(Given information Opens)

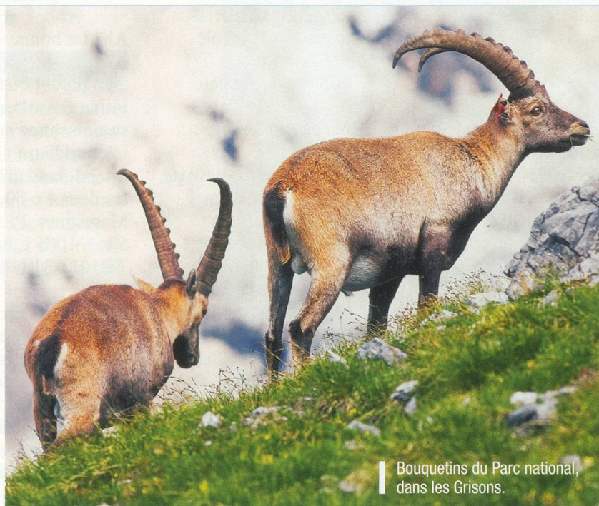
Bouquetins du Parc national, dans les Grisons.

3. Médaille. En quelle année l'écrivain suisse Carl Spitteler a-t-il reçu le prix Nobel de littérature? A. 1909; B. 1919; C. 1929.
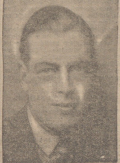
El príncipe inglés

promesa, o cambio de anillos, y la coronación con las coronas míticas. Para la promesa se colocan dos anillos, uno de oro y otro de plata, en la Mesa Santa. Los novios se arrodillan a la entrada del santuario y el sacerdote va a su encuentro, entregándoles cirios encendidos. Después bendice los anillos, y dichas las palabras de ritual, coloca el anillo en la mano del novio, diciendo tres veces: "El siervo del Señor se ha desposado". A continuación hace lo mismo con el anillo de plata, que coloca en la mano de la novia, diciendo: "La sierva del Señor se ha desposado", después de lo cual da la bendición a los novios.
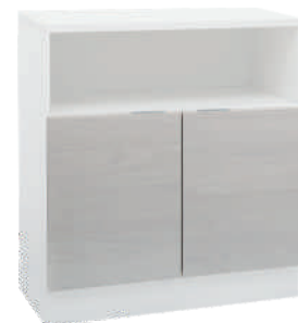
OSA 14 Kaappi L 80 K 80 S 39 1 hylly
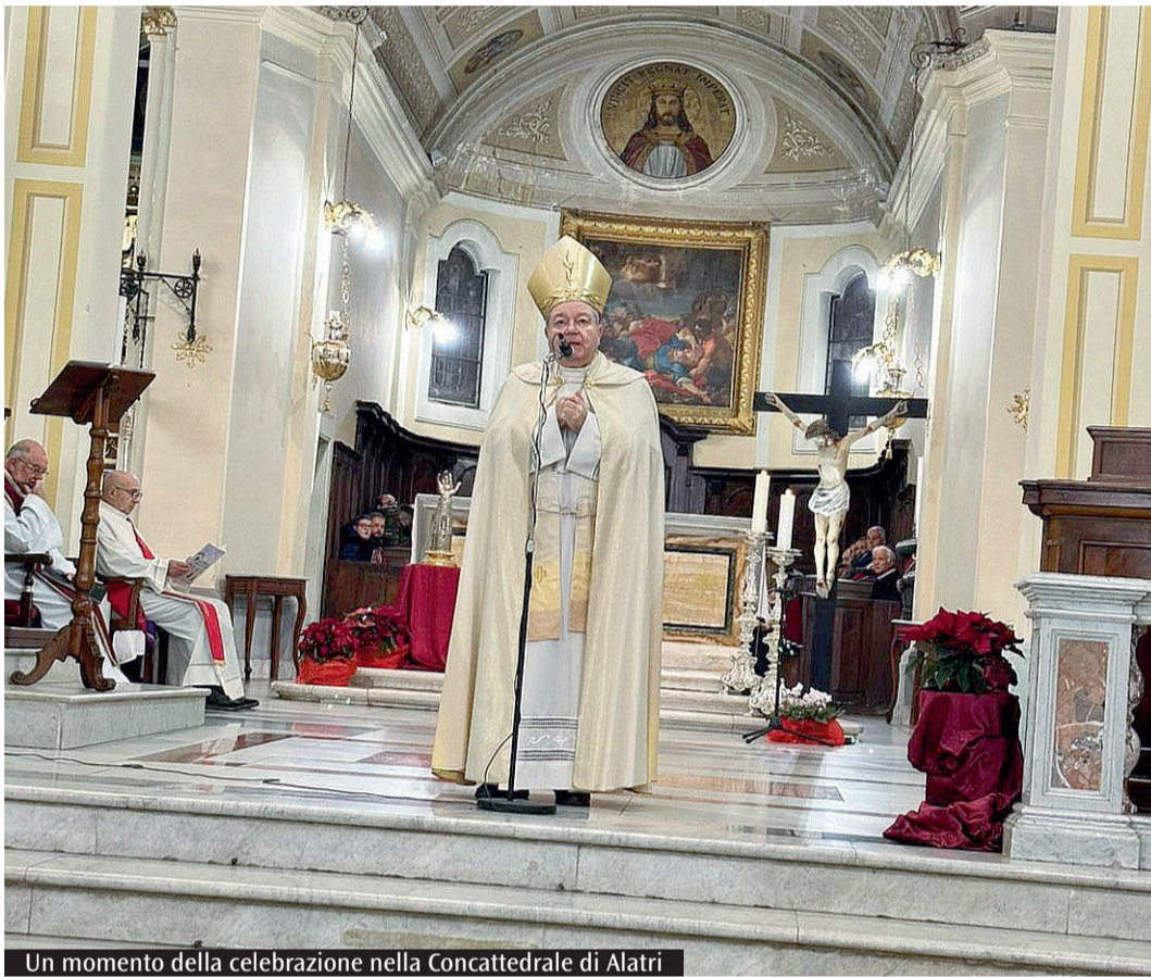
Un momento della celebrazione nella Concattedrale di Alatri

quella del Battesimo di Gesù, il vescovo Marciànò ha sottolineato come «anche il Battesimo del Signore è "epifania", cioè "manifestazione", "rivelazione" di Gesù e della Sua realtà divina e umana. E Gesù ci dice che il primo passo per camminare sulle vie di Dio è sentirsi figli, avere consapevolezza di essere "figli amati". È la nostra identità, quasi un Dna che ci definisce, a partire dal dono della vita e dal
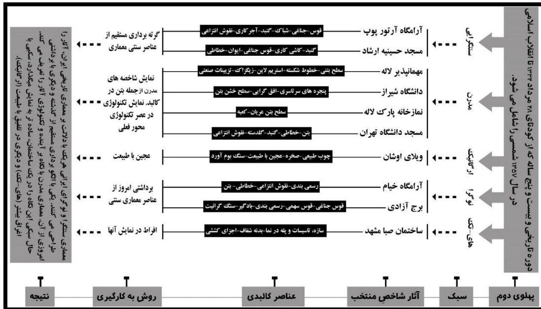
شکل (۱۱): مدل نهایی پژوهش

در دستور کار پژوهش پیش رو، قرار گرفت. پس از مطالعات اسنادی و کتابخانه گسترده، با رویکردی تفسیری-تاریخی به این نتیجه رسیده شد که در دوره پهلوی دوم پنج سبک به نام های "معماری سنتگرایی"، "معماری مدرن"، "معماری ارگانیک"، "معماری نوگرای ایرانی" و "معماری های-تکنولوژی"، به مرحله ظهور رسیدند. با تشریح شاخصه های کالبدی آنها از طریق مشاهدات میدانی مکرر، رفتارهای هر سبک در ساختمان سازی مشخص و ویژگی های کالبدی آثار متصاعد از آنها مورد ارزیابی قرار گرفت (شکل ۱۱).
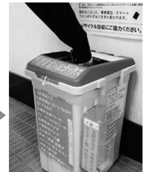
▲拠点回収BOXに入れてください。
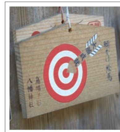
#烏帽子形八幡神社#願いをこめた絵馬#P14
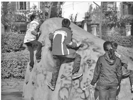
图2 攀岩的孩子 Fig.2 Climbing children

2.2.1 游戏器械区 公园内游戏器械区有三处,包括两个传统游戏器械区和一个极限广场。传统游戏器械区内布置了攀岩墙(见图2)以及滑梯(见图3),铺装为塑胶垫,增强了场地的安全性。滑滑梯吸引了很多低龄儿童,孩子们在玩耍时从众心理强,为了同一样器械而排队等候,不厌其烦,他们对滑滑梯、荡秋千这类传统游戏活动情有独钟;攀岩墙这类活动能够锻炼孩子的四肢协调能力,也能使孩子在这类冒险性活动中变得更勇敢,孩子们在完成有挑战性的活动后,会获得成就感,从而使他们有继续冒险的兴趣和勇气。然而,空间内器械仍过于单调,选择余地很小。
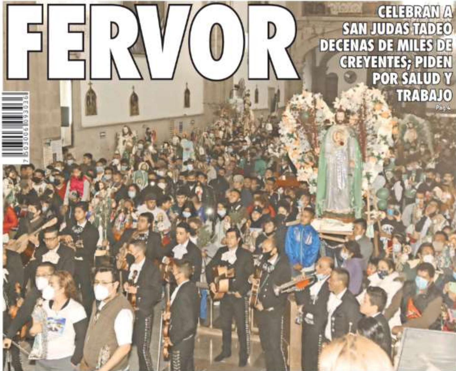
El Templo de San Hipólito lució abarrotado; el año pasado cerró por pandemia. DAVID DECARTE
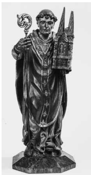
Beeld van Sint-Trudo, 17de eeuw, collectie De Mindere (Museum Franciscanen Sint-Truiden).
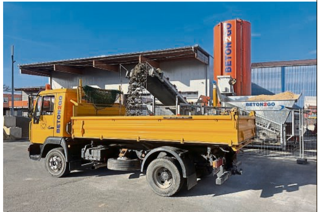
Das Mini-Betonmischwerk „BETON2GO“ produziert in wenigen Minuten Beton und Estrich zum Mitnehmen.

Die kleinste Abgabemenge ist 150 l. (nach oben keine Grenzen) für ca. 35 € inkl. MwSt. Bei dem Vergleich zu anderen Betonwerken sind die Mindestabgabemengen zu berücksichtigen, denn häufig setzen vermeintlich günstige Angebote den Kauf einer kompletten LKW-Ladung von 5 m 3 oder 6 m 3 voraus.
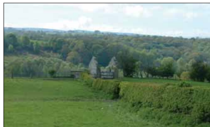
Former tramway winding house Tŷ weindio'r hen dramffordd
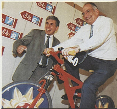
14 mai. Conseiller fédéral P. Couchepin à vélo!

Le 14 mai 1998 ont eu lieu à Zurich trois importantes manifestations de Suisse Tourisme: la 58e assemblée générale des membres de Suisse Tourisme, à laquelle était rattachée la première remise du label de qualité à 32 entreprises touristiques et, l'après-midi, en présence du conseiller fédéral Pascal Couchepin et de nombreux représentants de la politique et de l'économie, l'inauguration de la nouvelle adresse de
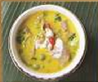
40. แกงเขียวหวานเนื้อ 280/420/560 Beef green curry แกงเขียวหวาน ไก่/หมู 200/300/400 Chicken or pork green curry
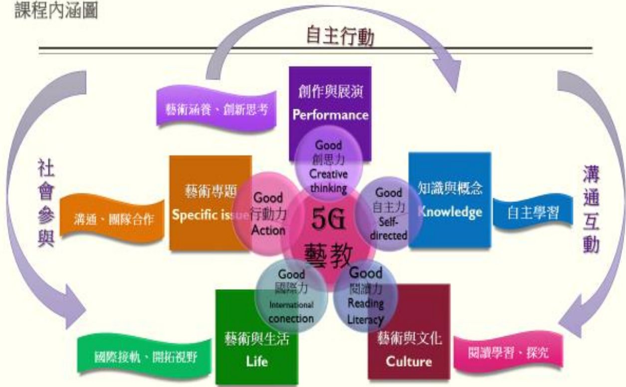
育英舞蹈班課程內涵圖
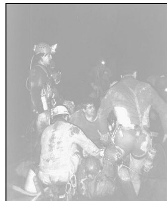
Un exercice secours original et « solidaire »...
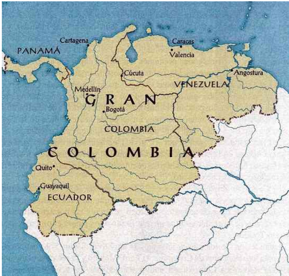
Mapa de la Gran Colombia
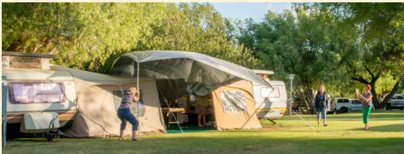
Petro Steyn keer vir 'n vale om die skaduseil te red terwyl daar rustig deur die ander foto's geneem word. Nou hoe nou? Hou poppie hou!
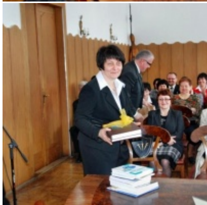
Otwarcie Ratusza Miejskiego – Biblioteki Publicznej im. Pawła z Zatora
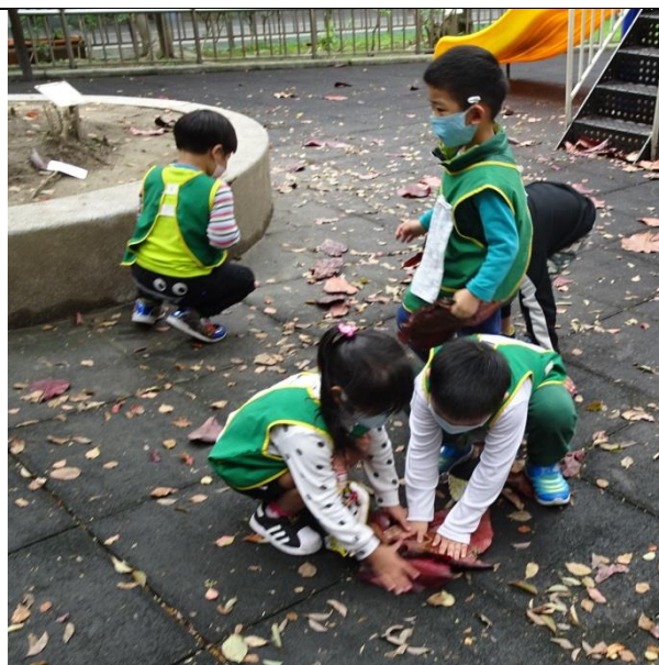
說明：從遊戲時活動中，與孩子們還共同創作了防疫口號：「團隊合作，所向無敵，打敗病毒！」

(Given information Closes)

*Task to carry out*. Your copy should match every entry above exactly and contain no pictures.

*Exercise solution*.
Bouquetins du Parc national, dans les Grisons.

3. Médaille. En quelle année l'écrivain suisse Carl Spitteler a-t-il reçu le prix Nobel de littérature? A. 1909; B. 1919; C. 1929.
El príncipe inglés

promesa, o cambio de anillos, y la coronación con las coronas míticas. Para la promesa se colocan dos anillos, uno de oro y otro de plata, en la Mesa Santa. Los novios se arrodillan a la entrada del santuario y el sacerdote va a su encuentro, entregándoles cirios encendidos. Después bendice los anillos, y dichas las palabras de ritual, coloca el anillo en la mano del novio, diciendo tres veces: "El siervo del Señor se ha desposado". A continuación hace lo mismo con el anillo de plata, que coloca en la mano de la novia, diciendo: "La sierva del Señor se ha desposado", después de lo cual da la bendición a los novios.
OSA 14 Kaappi L 80 K 80 S 39 1 hylly
Un momento della celebrazione nella Concattedrale di Alatri

quella del Battesimo di Gesù, il vescovo Marciànò ha sottolineato come «anche il Battesimo del Signore è "epifania", cioè "manifestazione", "rivelazione" di Gesù e della Sua realtà divina e umana. E Gesù ci dice che il primo passo per camminare sulle vie di Dio è sentirsi figli, avere consapevolezza di essere "figli amati". È la nostra identità, quasi un Dna che ci definisce, a partire dal dono della vita e dal
شکل (۱۱): مدل نهایی پژوهش

در دستور کار پژوهش پیش رو، قرار گرفت. پس از مطالعات اسنادی و کتابخانه گسترده، با رویکردی تفسیری-تاریخی به این نتیجه رسیده شد که در دوره پهلوی دوم پنج سبک به نام های "معماری سنتگرایی"، "معماری مدرن"، "معماری ارگانیک"، "معماری نوگرای ایرانی" و "معماری های-تکنولوژی"، به مرحله ظهور رسیدند. با تشریح شاخصه های کالبدی آنها از طریق مشاهدات میدانی مکرر، رفتارهای هر سبک در ساختمان سازی مشخص و ویژگی های کالبدی آثار متصاعد از آنها مورد ارزیابی قرار گرفت (شکل ۱۱).
▲拠点回収BOXに入れてください。
#烏帽子形八幡神社#願いをこめた絵馬#P14
图2 攀岩的孩子 Fig.2 Climbing children

2.2.1 游戏器械区 公园内游戏器械区有三处,包括两个传统游戏器械区和一个极限广场。传统游戏器械区内布置了攀岩墙(见图2)以及滑梯(见图3),铺装为塑胶垫,增强了场地的安全性。滑滑梯吸引了很多低龄儿童,孩子们在玩耍时从众心理强,为了同一样器械而排队等候,不厌其烦,他们对滑滑梯、荡秋千这类传统游戏活动情有独钟;攀岩墙这类活动能够锻炼孩子的四肢协调能力,也能使孩子在这类冒险性活动中变得更勇敢,孩子们在完成有挑战性的活动后,会获得成就感,从而使他们有继续冒险的兴趣和勇气。然而,空间内器械仍过于单调,选择余地很小。
El Templo de San Hipólito lució abarrotado; el año pasado cerró por pandemia. DAVID DECARTE
Beeld van Sint-Trudo, 17de eeuw, collectie De Mindere (Museum Franciscanen Sint-Truiden).
Das Mini-Betonmischwerk „BETON2GO“ produziert in wenigen Minuten Beton und Estrich zum Mitnehmen.

Die kleinste Abgabemenge ist 150 l. (nach oben keine Grenzen) für ca. 35 € inkl. MwSt. Bei dem Vergleich zu anderen Betonwerken sind die Mindestabgabemengen zu berücksichtigen, denn häufig setzen vermeintlich günstige Angebote den Kauf einer kompletten LKW-Ladung von 5 m 3 oder 6 m 3 voraus.
Former tramway winding house Tŷ weindio'r hen dramffordd
14 mai. Conseiller fédéral P. Couchepin à vélo!

Le 14 mai 1998 ont eu lieu à Zurich trois importantes manifestations de Suisse Tourisme: la 58e assemblée générale des membres de Suisse Tourisme, à laquelle était rattachée la première remise du label de qualité à 32 entreprises touristiques et, l'après-midi, en présence du conseiller fédéral Pascal Couchepin et de nombreux représentants de la politique et de l'économie, l'inauguration de la nouvelle adresse de
40. แกงเขียวหวานเนื้อ 280/420/560 Beef green curry แกงเขียวหวาน ไก่/หมู 200/300/400 Chicken or pork green curry
育英舞蹈班課程內涵圖
Un exercice secours original et « solidaire »...
Mapa de la Gran Colombia
Petro Steyn keer vir 'n vale om die skaduseil te red terwyl daar rustig deur die ander foto's geneem word. Nou hoe nou? Hou poppie hou!
Otwarcie Ratusza Miejskiego – Biblioteki Publicznej im. Pawła z Zatora
說明：從遊戲時活動中，與孩子們還共同創作了防疫口號：「團隊合作，所向無敵，打敗病毒！」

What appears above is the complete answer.